The Knudsen number can be used to determine whether the Stokes drag should be modified. For a large Knudsen number,i.e.,the particle sizes are comparable with the mean free path length of the gas molecules,the Cunningham slip correction is usually used to modify the Stokes drag. The relation of wave amplification and wavenumber for different Knudsen numbers Kn and azimuthal modes n is shown in Fig. 12. It can be seen that the variation of wave amplification with Kn depends on the value of Kn. The wave amplification increases with Kn when Kn changes from 0.5 to 1,while decreases with Kn when Kn changes from 1 to 2. There exists a turning point Kn_c (Kn_c=1 for Re=1 000,B=5,Z=0.3,and St=1),at which the value of wave amplification is the largest,i.e.,the flow is most unstable. Because Kn is related to the mean free path length of the gas molecules and the particle diameter,while the former usually remains unchanged,it implies that there exists a particle size with which the flow is most unstable. Comparing Figs. 12(a) and 12(b),one can find that the perturbation with the first azimuthal mode makes the flow unstable more easily than that with axisymmetric azimuthal mode when Kn is the same. The regions of perturbation wavenumber making the flow unstable are almost the same for n=0 and n=1. For n=0,the region of wavenumber corresponding to the maximum of wave amplification is in the interval (0.5,1.0) when Kn varies from 0 to 2, while the corresponding interval is (0.2,0.5) for n=1.

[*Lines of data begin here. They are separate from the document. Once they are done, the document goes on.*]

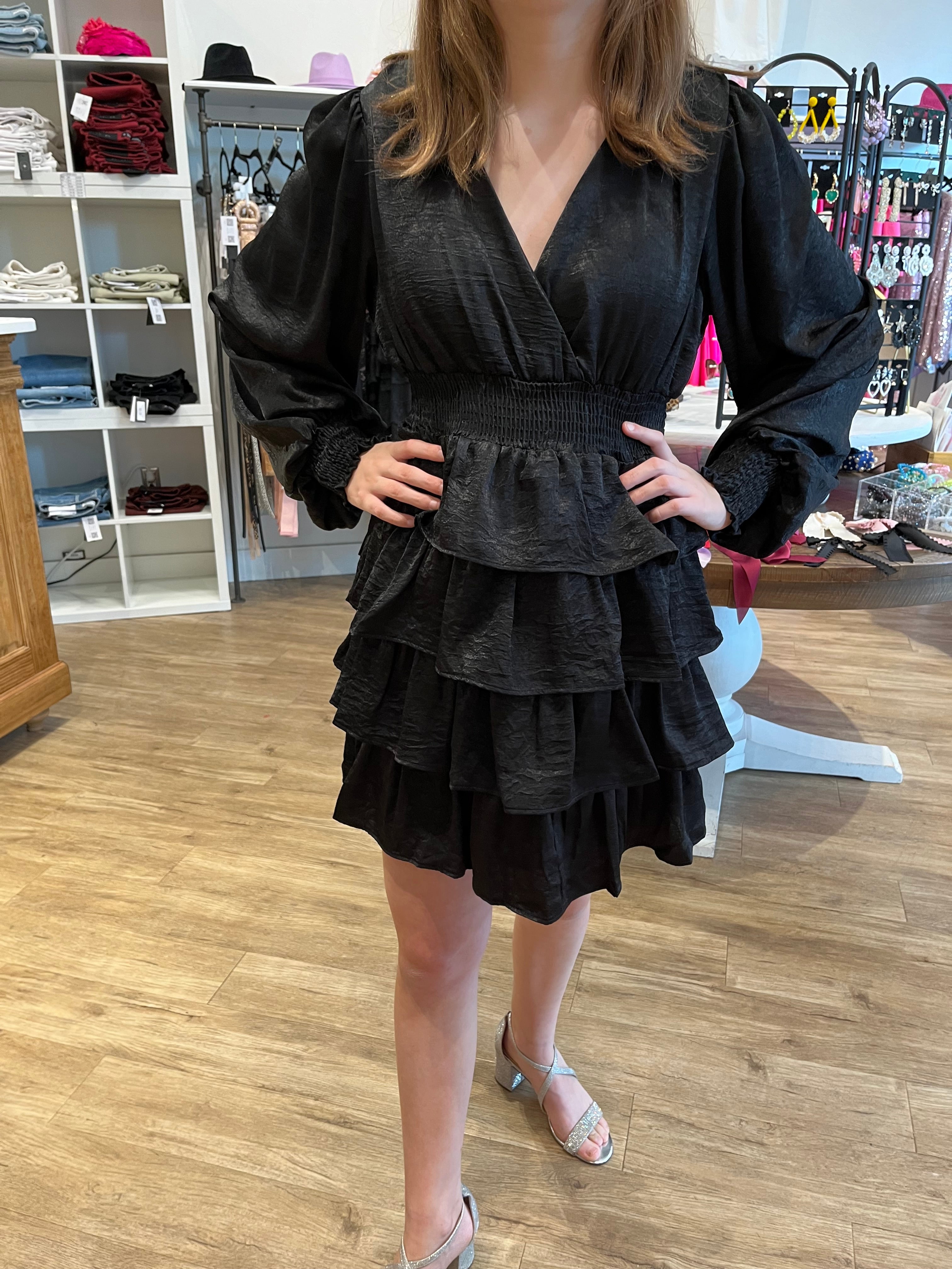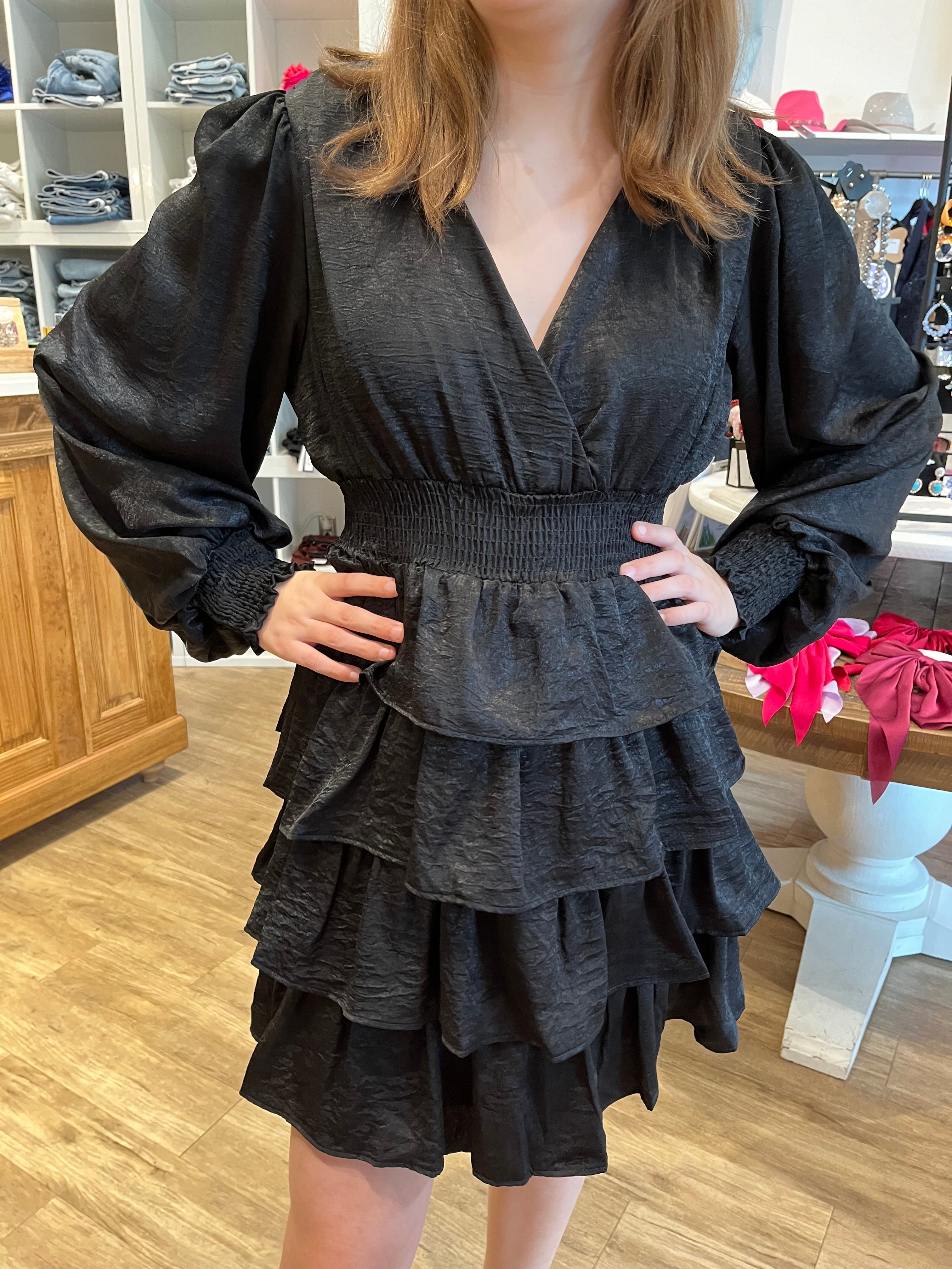 Elevate your style with our Emma Black Satin Dress. This luxurious knee-length dress features a lined silhouette and elegant ruffles, crafted from high-quality satin fabric. With long-sleeves and a flattering v-neck cut, this dress is perfect for any event. Make a statement and stand out in sophistication.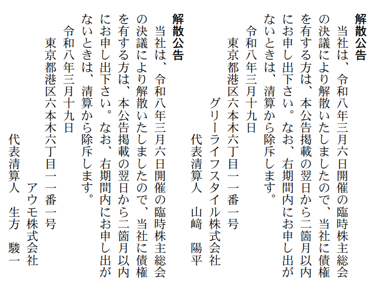 グリーライフスタイルとアウモが解散したことがわかった。3月19日付の「官報」に掲載された「解散公告」がよると、両社は3月6日に解散したとのこと。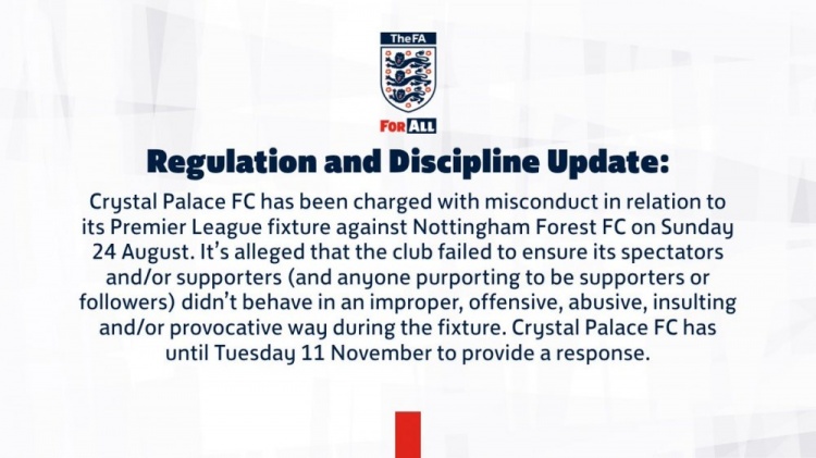 11月5日讯 英足总发布官方公告,证实水晶宫俱乐部因球迷活动欠妥遭到指控,需要在11月11日之前作念出恢复。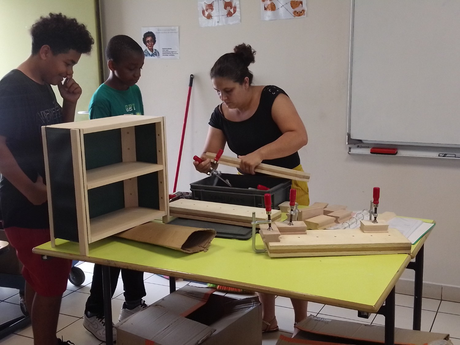 Le projet Manufacto, la fabrique des savoir-faire est un programme de sensibilisation aux gestes et métiers de la main en milieu scolaire. La 403 du collège Morin est la seule classe de collège de la Réunion à faire partie de ce projet cette année. Tout au long de l’année, les élèves sont accompagnés par Mme BONHOMME Ghislaine, une ébéniste de Salazie, et par Mlle FERRERE Eva, stagiaire et étudiante aux Beaux-Arts dans la fabrication de A à Z d’une étagère. Ils découvrent ainsi l’univers et les savoirfaire de la menuiserie.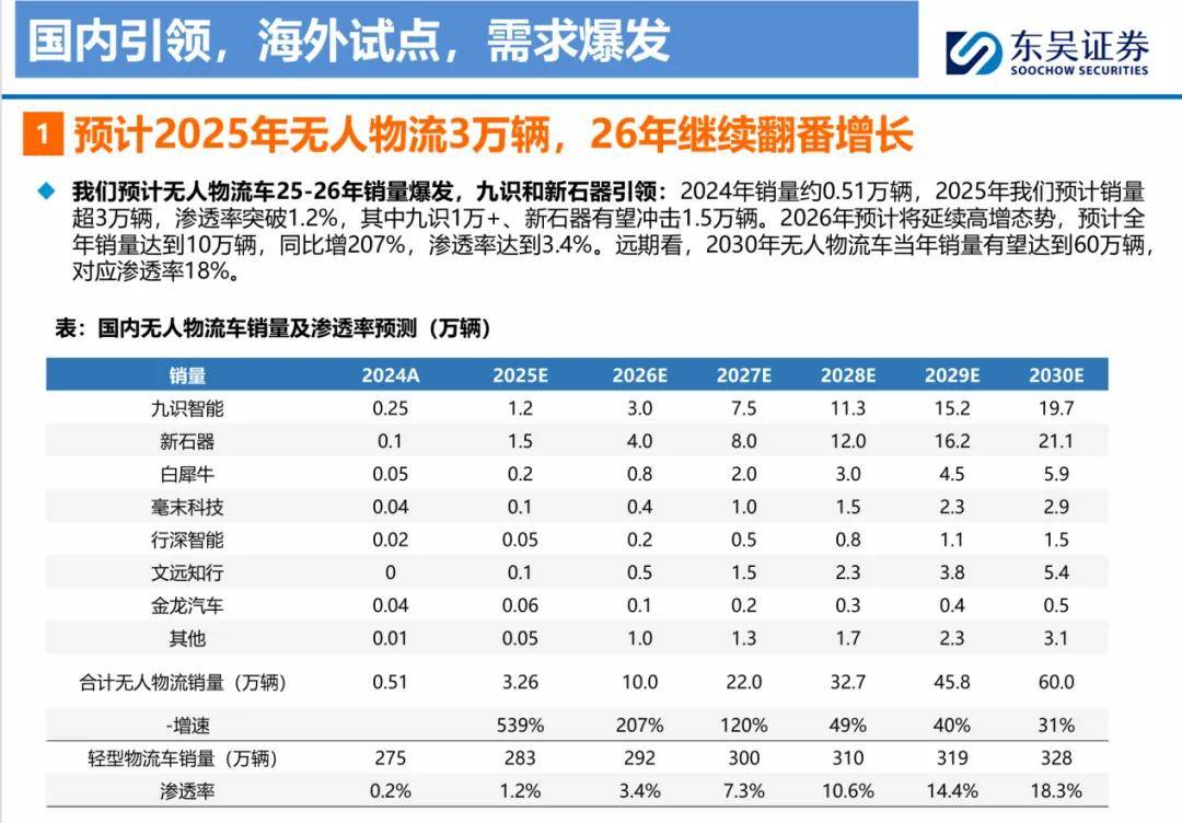 From a short-term perspective, industry procurement volume is expected to increase to 100,000 units in 2026 (predicted by Soochow Securities), with leading enterprises' production capacity and resource advantages further amplifying. Neolix aims to deliver 40,000-50,000 units in 2026, while Zelostech targets 30,000 units, with their combined market share expected to remain above 80%.

Figure 13 shows the wave amplification as a function of Kn for different azimuthal modes of perturbation. The wave amplification decreases first and then increases with the increase of Kn,and the minimum of wave amplification appears around Kn=1.

5 Conclusions

An analysis for the hydrodynamic instability of nanofluids in a jet flow is performed. The instability equations are derived and solved numerically. Some present results are compared with the available theoretical results. The effects of shape factors of the velocity profile,Reynolds number,particle loading,Knudsen number,and Stokes number on the flow instability are analyzed. The main conclusions can be summarized as follows.

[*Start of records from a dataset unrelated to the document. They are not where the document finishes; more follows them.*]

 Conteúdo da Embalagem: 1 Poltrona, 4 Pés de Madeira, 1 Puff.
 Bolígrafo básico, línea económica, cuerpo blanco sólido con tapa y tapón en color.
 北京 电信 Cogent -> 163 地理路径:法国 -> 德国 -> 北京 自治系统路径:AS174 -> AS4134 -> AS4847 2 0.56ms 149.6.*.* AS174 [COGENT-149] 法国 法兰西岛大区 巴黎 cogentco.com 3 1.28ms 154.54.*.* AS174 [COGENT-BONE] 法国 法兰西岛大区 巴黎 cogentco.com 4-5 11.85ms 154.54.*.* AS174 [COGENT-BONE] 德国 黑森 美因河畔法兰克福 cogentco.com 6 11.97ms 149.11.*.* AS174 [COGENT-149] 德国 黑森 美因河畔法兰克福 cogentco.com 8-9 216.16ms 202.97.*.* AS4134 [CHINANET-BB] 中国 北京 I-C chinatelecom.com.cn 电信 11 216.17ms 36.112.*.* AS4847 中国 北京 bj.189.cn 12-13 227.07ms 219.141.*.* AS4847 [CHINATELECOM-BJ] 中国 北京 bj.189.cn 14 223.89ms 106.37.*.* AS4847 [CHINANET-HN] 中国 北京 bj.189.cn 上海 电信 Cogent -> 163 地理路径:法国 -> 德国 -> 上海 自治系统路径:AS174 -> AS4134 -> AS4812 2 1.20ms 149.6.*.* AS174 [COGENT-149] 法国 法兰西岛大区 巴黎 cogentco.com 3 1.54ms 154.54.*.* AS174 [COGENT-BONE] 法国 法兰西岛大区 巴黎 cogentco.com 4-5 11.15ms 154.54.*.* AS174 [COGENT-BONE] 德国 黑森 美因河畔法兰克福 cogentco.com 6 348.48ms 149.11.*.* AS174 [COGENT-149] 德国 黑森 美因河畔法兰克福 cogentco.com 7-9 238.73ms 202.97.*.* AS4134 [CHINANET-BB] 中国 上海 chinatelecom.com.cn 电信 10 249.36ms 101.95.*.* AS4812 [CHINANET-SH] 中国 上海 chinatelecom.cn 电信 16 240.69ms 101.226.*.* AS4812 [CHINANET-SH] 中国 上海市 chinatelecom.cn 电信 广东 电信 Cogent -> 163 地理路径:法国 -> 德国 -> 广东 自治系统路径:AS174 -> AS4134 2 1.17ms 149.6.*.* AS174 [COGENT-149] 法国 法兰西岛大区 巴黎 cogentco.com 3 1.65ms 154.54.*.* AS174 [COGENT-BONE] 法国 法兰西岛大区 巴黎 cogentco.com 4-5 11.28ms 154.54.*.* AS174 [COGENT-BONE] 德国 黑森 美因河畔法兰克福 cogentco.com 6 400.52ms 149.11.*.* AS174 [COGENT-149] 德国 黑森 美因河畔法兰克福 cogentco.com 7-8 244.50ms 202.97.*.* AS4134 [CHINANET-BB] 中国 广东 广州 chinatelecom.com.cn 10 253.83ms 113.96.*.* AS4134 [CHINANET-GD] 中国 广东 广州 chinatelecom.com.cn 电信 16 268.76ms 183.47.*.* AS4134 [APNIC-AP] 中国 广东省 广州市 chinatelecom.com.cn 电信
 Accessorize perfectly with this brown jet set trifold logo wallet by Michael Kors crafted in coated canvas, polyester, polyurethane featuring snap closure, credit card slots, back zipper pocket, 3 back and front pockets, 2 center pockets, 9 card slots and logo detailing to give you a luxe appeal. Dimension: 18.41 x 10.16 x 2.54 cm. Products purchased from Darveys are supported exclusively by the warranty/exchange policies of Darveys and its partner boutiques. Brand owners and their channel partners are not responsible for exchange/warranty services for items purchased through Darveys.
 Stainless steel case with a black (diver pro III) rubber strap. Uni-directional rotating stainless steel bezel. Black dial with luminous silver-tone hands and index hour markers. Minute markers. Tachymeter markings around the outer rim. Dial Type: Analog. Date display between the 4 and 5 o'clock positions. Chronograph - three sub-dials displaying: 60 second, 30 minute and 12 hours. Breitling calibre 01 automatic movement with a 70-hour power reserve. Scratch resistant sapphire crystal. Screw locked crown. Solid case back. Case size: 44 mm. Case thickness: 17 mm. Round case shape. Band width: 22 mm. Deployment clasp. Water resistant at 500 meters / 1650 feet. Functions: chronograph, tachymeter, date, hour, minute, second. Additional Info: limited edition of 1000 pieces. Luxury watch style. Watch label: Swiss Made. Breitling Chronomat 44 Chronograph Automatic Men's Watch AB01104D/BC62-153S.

(Ⅰ) The presence of nanoparticles suppresses the flow instability. There exists a critical particle loading beyond which the flow is stable. As the shape factor of the velocity profile and the Reynolds number are increased,the perturbation wave amplification and the region of wavenumber making the flow unstable increase so that the flow becomes more unstable. However,as the particle mass loading is increased,the wave amplification and the region of wavenumber making the flow unstable decrease so that the flow becomes more stable. The wavenumber corresponding to the maximum of wave amplification becomes large with the increase of the shape factor of the velocity profile and with the decrease of the particle mass loading and the Reynolds number.

(Ⅱ) The variations of wave amplification with Stokes number and Knudsen number depend on the values of the Stokes number and the Knudsen number,respectively. There exists a turning point of the Knudsen number Kn_c and the Stokes number St_c. The flow is relatively stable and most unstable when St_c=1 and Kn_c=1,respectively,when other parameters remain unchanged.

(Ⅲ) The perturbation with the first azimuthal mode makes the flow unstable more easily than that with the axisymmetric azimuthal mode. The wavenumbers corresponding to the maximum of wave amplification are more concentrated for the perturbation with the axisymmetric azimuthal mode.